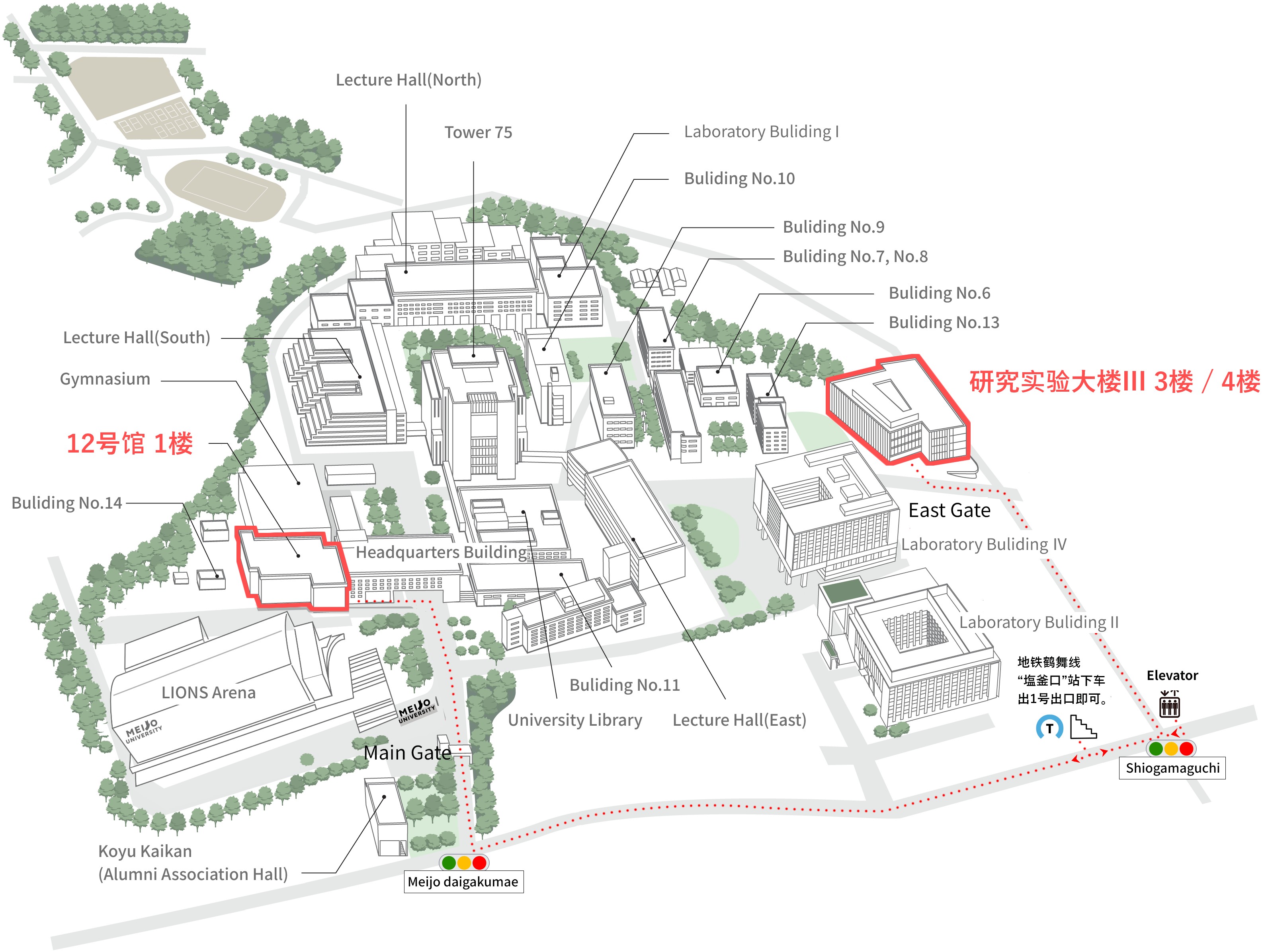 ●或者,从“塩釜口”站电梯出口出来后向右走,直行越过“塩釜口”信号灯,继续沿路直行到“名城大学前”信号灯后右转,步行约7分钟即可到达12号馆,位于天白校区“正门”左侧深处。
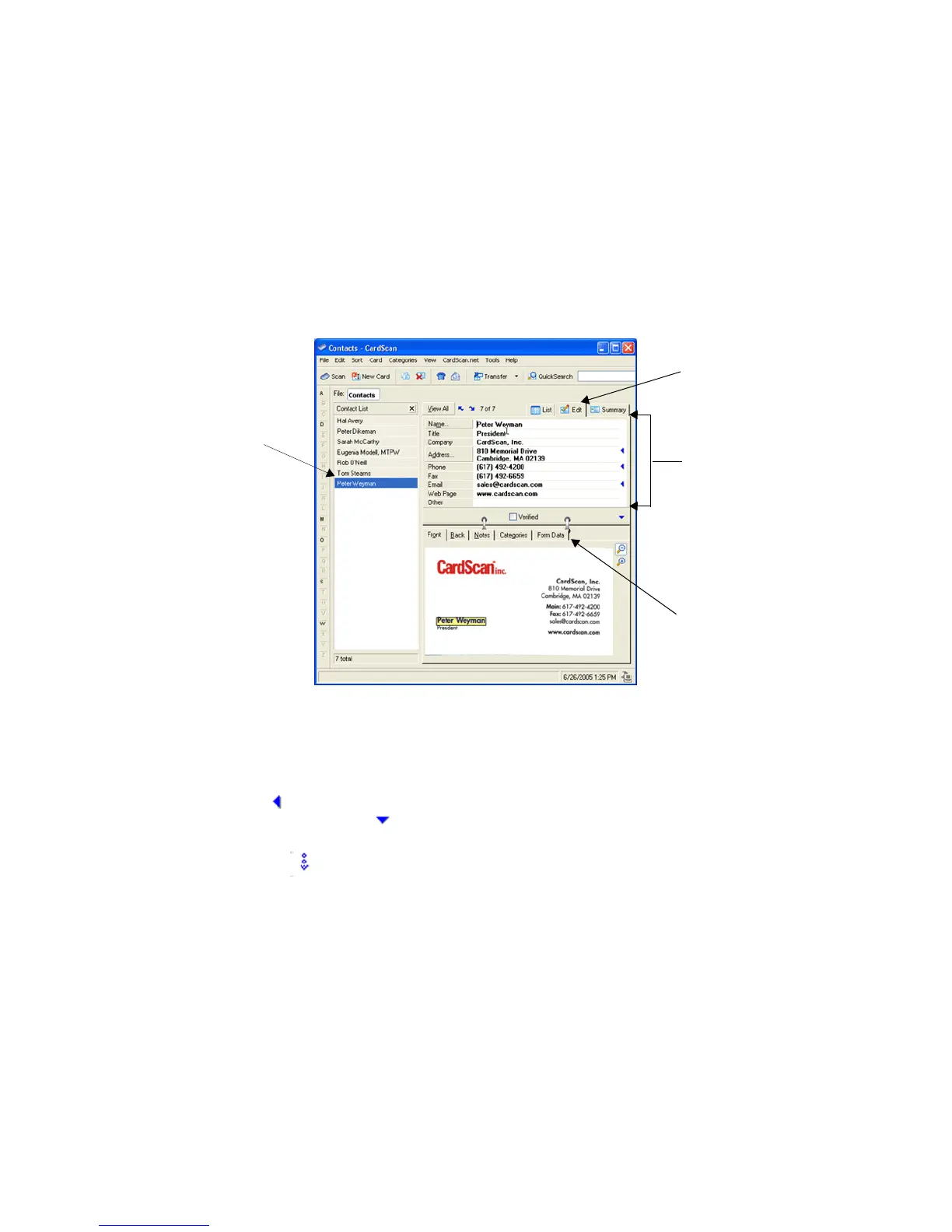 • When the fields containing information are not visible, CardScan displays this
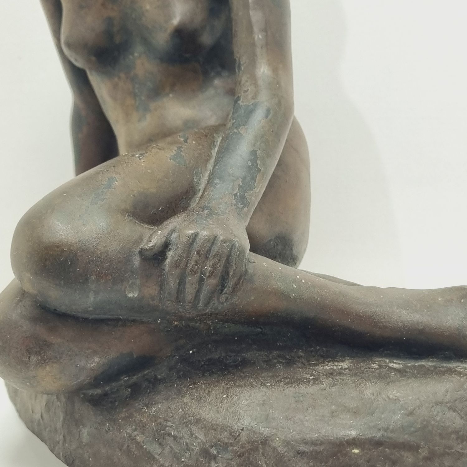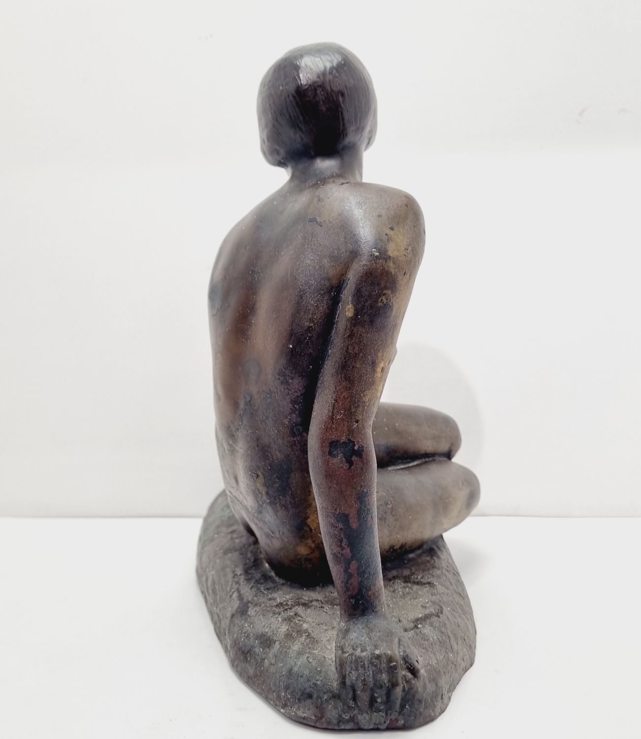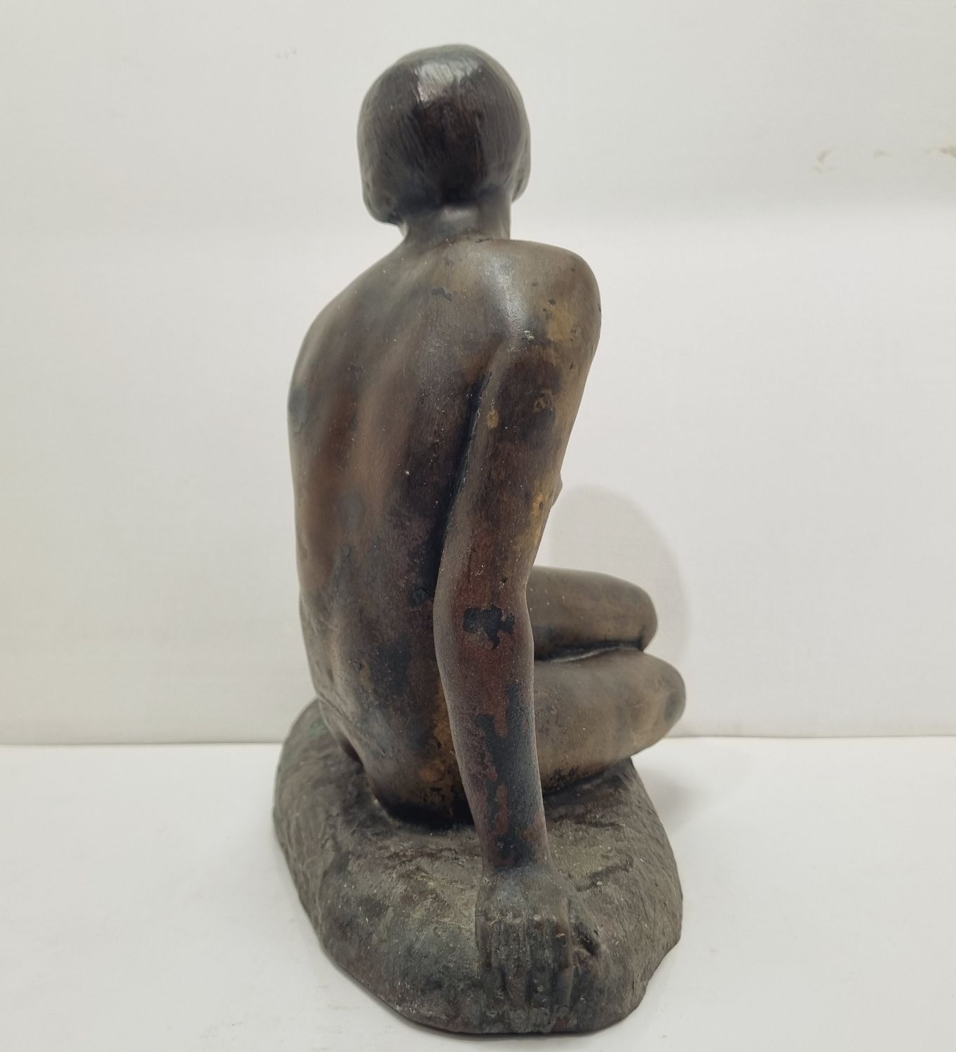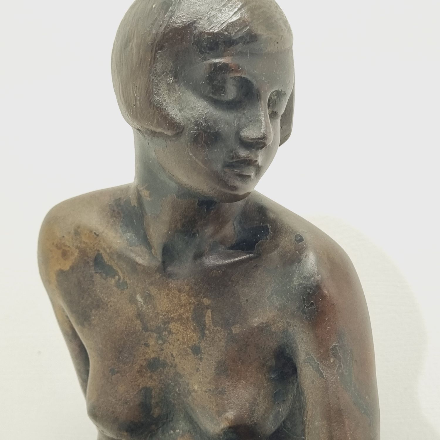 Kövön ülő nő, amely a századfordulón készült. Anyaga öntöttvas bronzírozva. Jelzett. Felülete kissé kopott. Nyugalmat árasztó, letisztult formavilágú art deco stílusú műalkotás. Méretei: 26 x 27 x 16 cm.
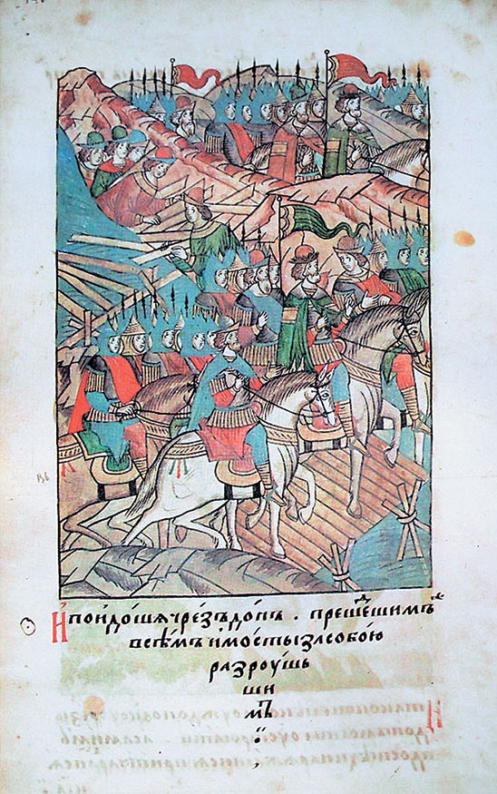 И двигался князь великий Дмитрий Иванович по большой широкой дороге, а за ним русские сыны идут скоро, будто медвяные чаши пить и гроздья виноградные есть, желая себе чести добыть и славного имени: уже ведь, братья, стук стучит и гром гремит на ранней заре, князь Владимир Андреевич через Москву-реку переправляется на добром перевозе на Боровском.

··········

• What the task requires
Starting from the first line of the listing above, write out every line exactly through the one containing "CardScan displays this", and drop the pictures.

• Your response
 ●或者,从“塩釜口”站电梯出口出来后向右走,直行越过“塩釜口”信号灯,继续沿路直行到“名城大学前”信号灯后右转,步行约7分钟即可到达12号馆,位于天白校区“正门”左侧深处。
 • When the fields containing information are not visible, CardScan displays this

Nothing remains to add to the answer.